Who now the secrets of my bosom share?
Who now can while away with the delight
Of his discourse the livelong winter night,
When cracking nuts and hissing apples roast
Upon the hearth and from his southern coast
The wet wind in the elm-tree branches roars
And makes one vast confusion out of doors?
Alone I walk the fields and plains, alone
The dark vales with dense branches overgrown.
Here, as day fades, I wait, and all around
I hear the rain that falls with sullen sound.
&
nbsp; SCHOLAR’S MELANCHOLY
The mind too has her fossils to record her past,
Cold characters, immobile, of what once was new
And hot with life. Old papers, as we rummage through
Neglected drawers, still show us where the pen, fast, fast,
Ate up the sheets: and wondering, we remember vast
Designs and knowledge gathered, and intent to do
What we were able then to have done . . . something drew
A sponge across that slate. The ferly would not last.
Though Will can stretch his viaduct with level thrust
High above shagg’d woods, quaking swamp, and desert dust
Of changing times, yet he must dig for his material
In local quarries of the varying moment—must
Use wattle and daub in countries without stone, and trust
To basest matter the proud arches’ form imperial.
PART III
A LARGER WORLD
WORMWOOD
Thou only art alternative to God, oh, dark
And burning island among spirits, tenth hierarch,
Wormwood, immortal Satan, Ahriman, alone
Second to Him to whom no second else were known,
Being essential fire, sprung of His fire, but bound
Within the lightless furnace of thy Self, bricked round
To rage in the reverberated heat from seven
Containing walls: hence power thou hast to rival heaven.
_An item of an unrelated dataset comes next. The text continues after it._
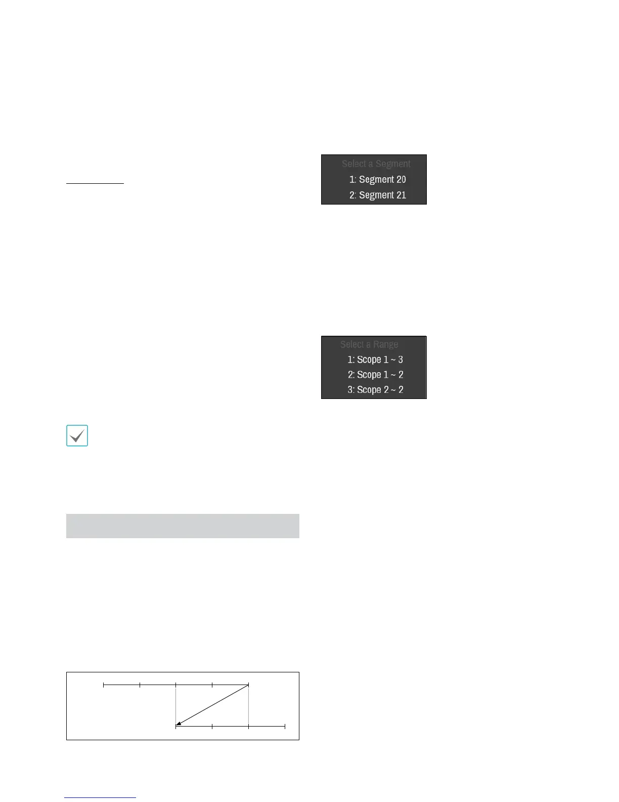 • 4 o'clock in segment 1 to 5 o'clock in segment 2

Therefore, except the temperance of the eternal love
Only thy absolute lust is worth the thinking of.
All else is weak disguising of the wishful heart,
All that seemed earth is Hell, or Heaven. God is: thou art:
The rest, illusion. How should man live save as glass
To let the white light without flame, the Father, pass
Unstained: or else—opaque, molten to thy desire,
Venus infernal starving in the strength of fire!
Lord, open not too often my weak eyes to this.
VIRTUE’S INDEPENDENCE
I have scraped clean the plateau from the filthy earth,
Earth the unchaste, the fruitful, the great grand maternal,
Sprawling creature, lolling at random and supine
The broad-faced, sluttish helot, the slave wife
Grubby and warm, who opens unashamed
Her thousand wombs unguarded to the lickerous sun.